Why Data Stream Processing with Kafka Wasn’t Working

Last year, our team built a stream processing framework for analyzing the data we collect, using Apache Kafka to connect our network of producers and consumers. It aggregates messages related to our customers’ visibility in online search, as well as the data we mine out of the content they publish on their sites. Kafka has some interesting semantics that make it a great fit for these kinds of analytical applications — it’s distributed, replicated, and scalable; and it has the ability to support many consumers with very different performance characteristics in a highly parallel way. (For a great crash course on Kafka’s design and architecture, check out the introduction on their wiki page.)
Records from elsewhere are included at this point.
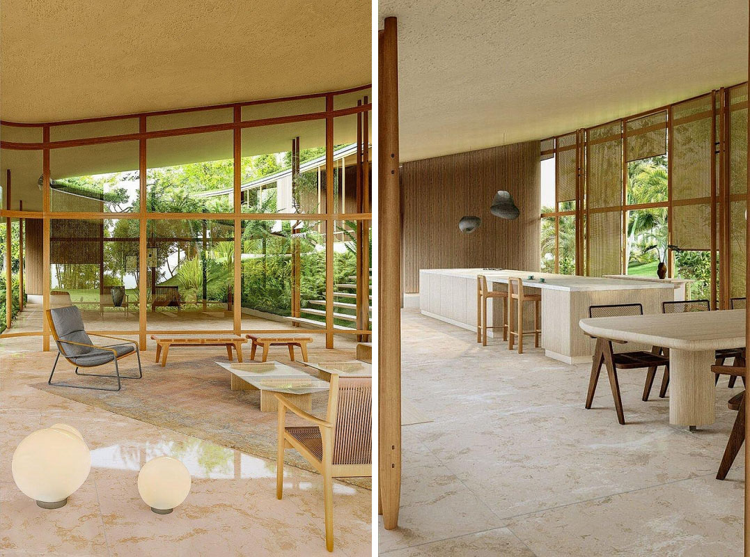 Kiến trúc sư sử dụng toàn bộ gỗ tự nhiên của địa phương để làm nội thất cho ngôi nhà. Nhờ đó mà các yếu tố nội thất và thiết kế kiến trúc hòa quyện vào nhau, tạo ra một ngôn ngữ thiết kế thống nhất và thú vị. Ngôi nhà cũng được thiết kế để tận dụng lợi thế của ánh sáng mặt trời và thông gió tự nhiên.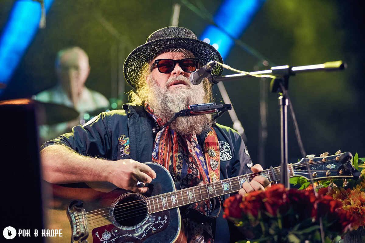 Отправной точкой явилось заглавное произведение с «Синего альбома», глубокомысленная «Железнодорожная вода». Удобно устроившись на стуле, Борис Борисович пел, аккомпанируя себе на акустической гитаре и губной гармонике. Продолжились умозрительные настроения треком «Плоскость» с того же сборника. Музыканты немного разбавили их мотивами бриза южных островов «Палёное виски и толчёный мел», умело используя сочетание мандолины, флейты и аккордеона, но тут же вернули всех к задумчивости творением «Стучаться в двери травы». Синглы разных лет дополняли друг друга, звуча предзакатными настроениями, под которые, укрывшись пледом на крыльце веранды и любуясь последними пурпурными отблесками, так славно размышляешь о преходящем. Но закат, уходя на запад, ведёт за собой прохладу сумрака, что мне послышалась в последующих мистических «DeathofKingArthur» и «Псалом 151».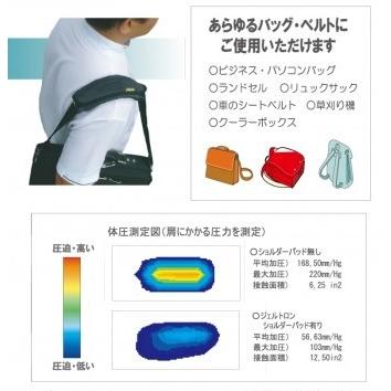 体圧分散性に優れた新素材「ジェルトロン」で、バッグから肩にかかる重さ・衝撃を軽減!スベリ止め効果もあり、肩からのズレ落ちを防ぎバッグの使用感をアップします。バッグ・ベルトにご使用可能。プロゴルフキャディにも愛用されている快適ショルダーパッドです。ジェルトロンショルダーパットを使用することにより、接地面積が2倍、平均加圧がほぼ3分の1に減少します。バッグ リュック 登山 ゴルフ レジャー 負担軽減 パッド クッション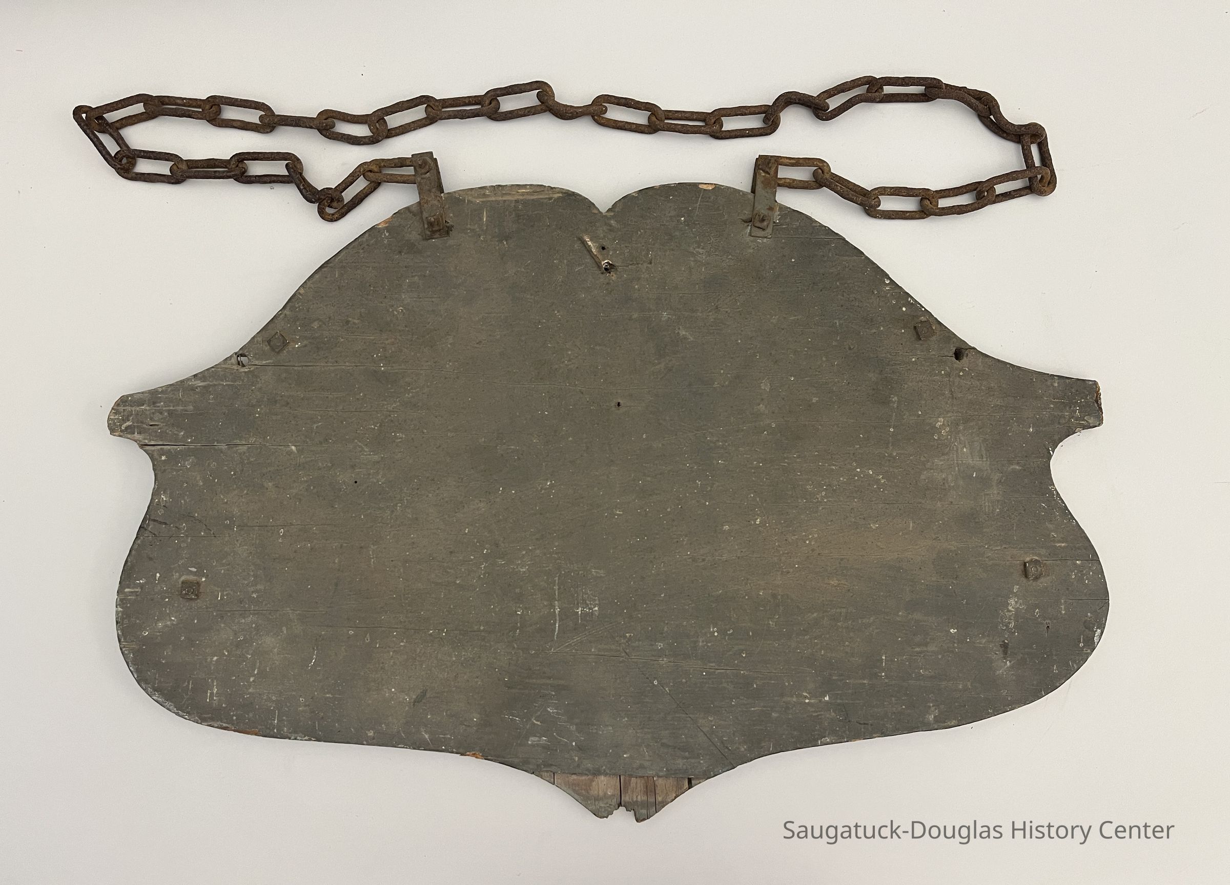 Flat, plywood painted wood sign in a crest shape with an approximately 32-inch metal chain for hanging. The sign's central medallion is painted beige with "Gallery Entrance" in a Gothic/Blackletter script with the G and E painted red.Context
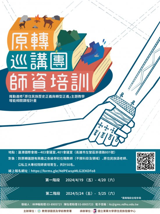 | (三) | 培訓對象:對原轉議題有興趣之各級學校在職教師(不限科目及領域)、原住民族語老師、公私立大專校院師資培育生,共計50名。培訓成員完整參與兩階段課程及交付作業者,即授予研習證書與成為原轉巡講團師資。 |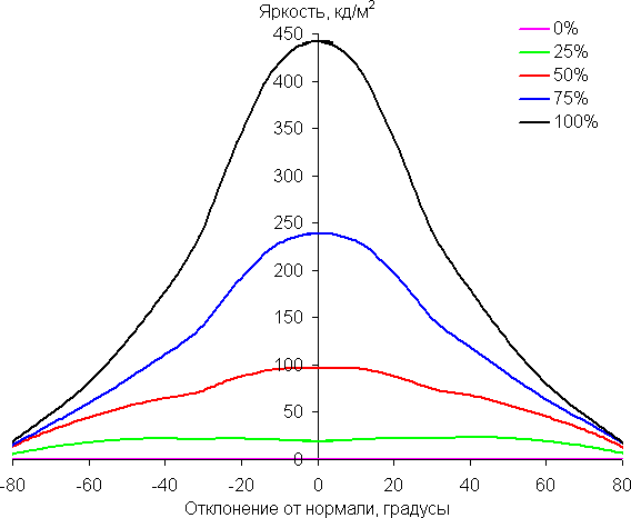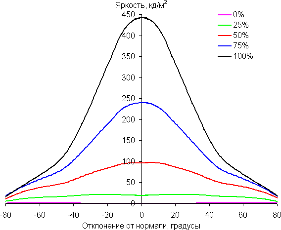 В качестве реперной точки можно выбрать отклонение в 45°. Критерием сохранения правильности цветов можно считать значение ΔE меньше 3. Из графиков следует, что при взгляде под углом хотя бы основные цвета меняются несильно, но полутона существенно изменяются, что ожидаемо для матрицы типа VA* и является ее основным недостатком.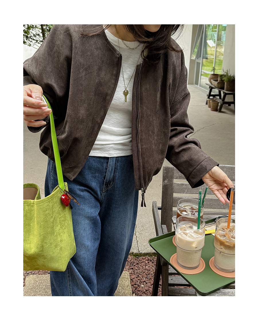 スエード素材のショルダーバッグシンプルでミニマルなデザイン! (6color)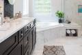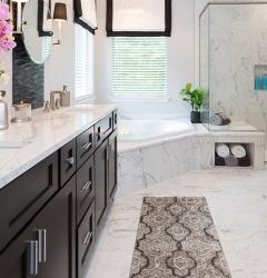 After a dozen or so years in her St. Louis home, Dawn Weinhardt, co-owner of Weinhardt Party Rentals, was ready to freshen up around the house, starting with an outdated master bath. A head-to-toe makeover in the summer of 2017 took the room from dim and dull to bright black and white. It’s now a modern gray-tone bathroom with a mix of just enough femme frill and mild machismo to make the space a haven for just about anyone seeking a quiet retreat.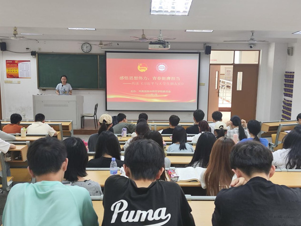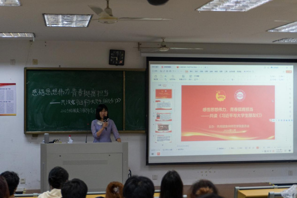 辅导员廖春霖带领同学们共读了《习近平与大学生朋友们》的部分内容,并对同学们提出了三点希望,一是希望同学们坚定理想信念,矢志艰苦奋斗,不负青春韶华;二是希望同学们在学期间多参加社会实践、志愿服务项目、专业实习等,在实践中学知识、长才干、强素质;三是希望同学们厚植家国情怀,到基层和人民中去建功立业,让青春之花绽放在祖国最需要的地方。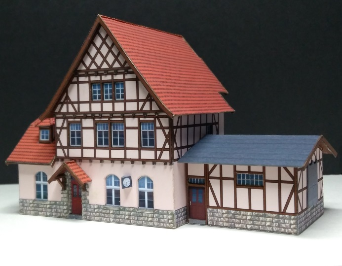 Kartonmodell eines Bahnhofsgebäude aus einem Buch von Günter Fromm „Modellbahn-Bauten“ in Maßstab 1:160. Der Bahnhof heißt im Buch „Kleindembach“. Sein jetziger Name „Langenorla Ost“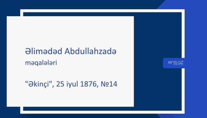 Əlimədəd Abdullahzadə - "Əkinçi", 27 may 1876, №10/Məktubat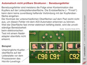 Bewertung der finalen Prüfbarkeit von Leiterplatten. Durch automatische Prüfungen nicht detektierbare Mängel auf Leiterplatten. Der Einfluß qualitativer Fehler auf die langfristige Zuverlässigkeit von Baugruppen.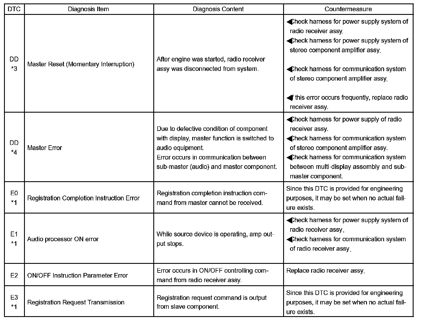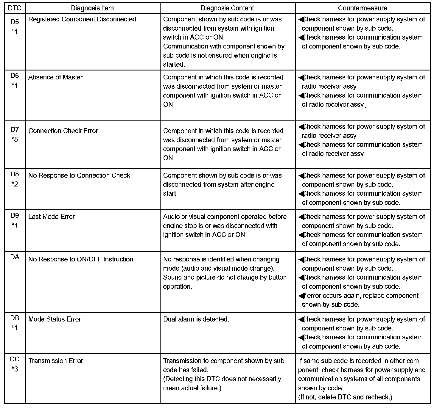 - *4: If the device is reported as not existing during verification, check the power source circuit and AVC-LAN circuit for the device.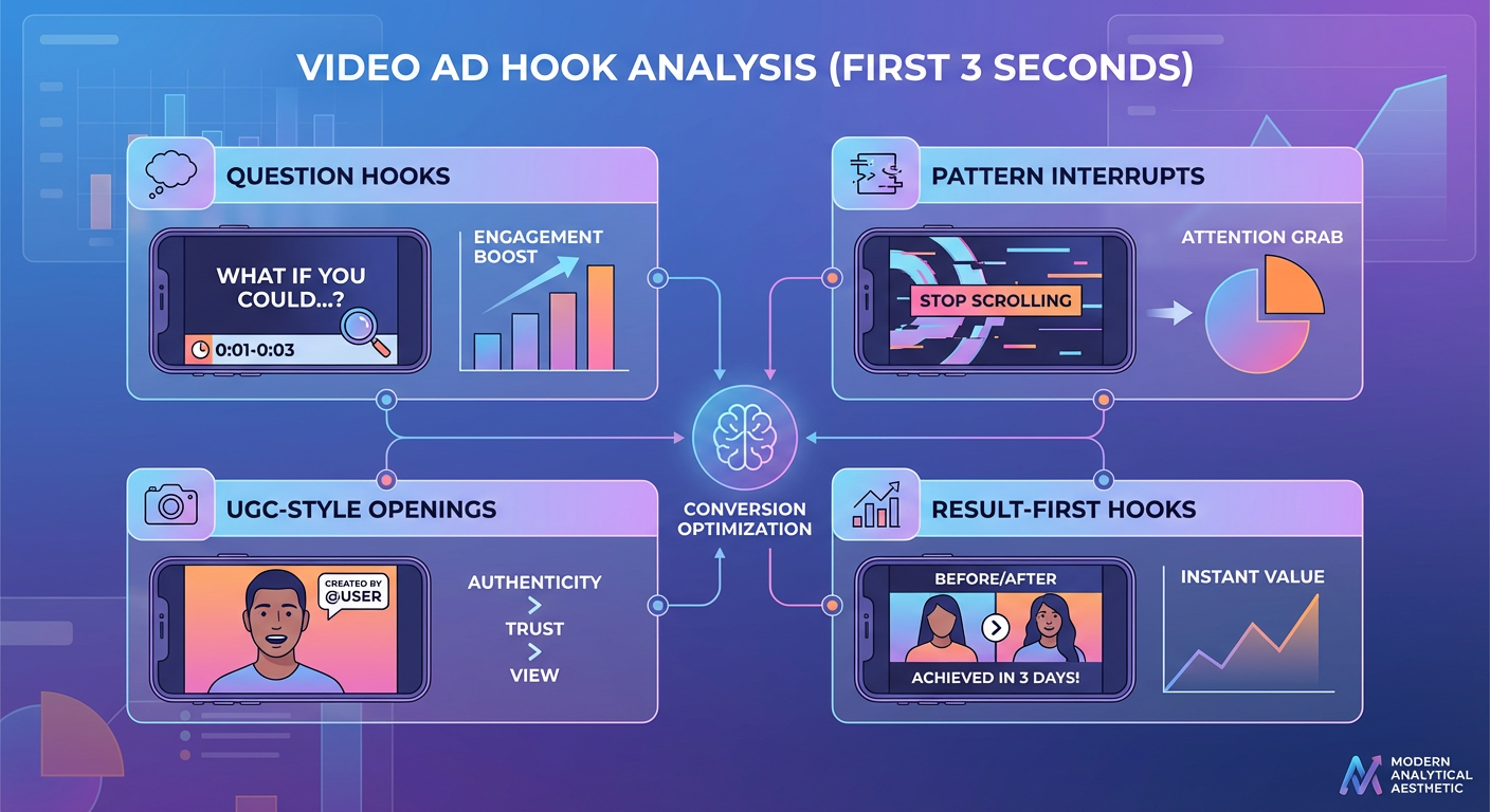 - UGC hooks. Someone talking to camera, no logo visible, filmed on a phone. Looks like organic content for the first few seconds. If competitors are running UGC hooks and those ads have been live for weeks, their audience trusts real-looking people more than polished brand creative.

To give you a sense of the data processing scale enabled by this technology, we are comfortably able to consume and process upwards of 5 TBs of data a week using Kafka.

Kafka is great for data stream processing, but sometimes that computing paradigm doesn’t fit the bill. For example, the topic storage provided by Kafka is ephemeral by design, and our messages age out of them after two weeks. Pieces of data we want to keep around longer get archived in our HBase data warehouse. That warehouse is a fundamental piece of our infrastructure — for some types of data, it’s the store of record for everything we’ve ever collected, and it drives many important downstream processes. Exporting Kafka messages to this store is a critical step in our pipeline.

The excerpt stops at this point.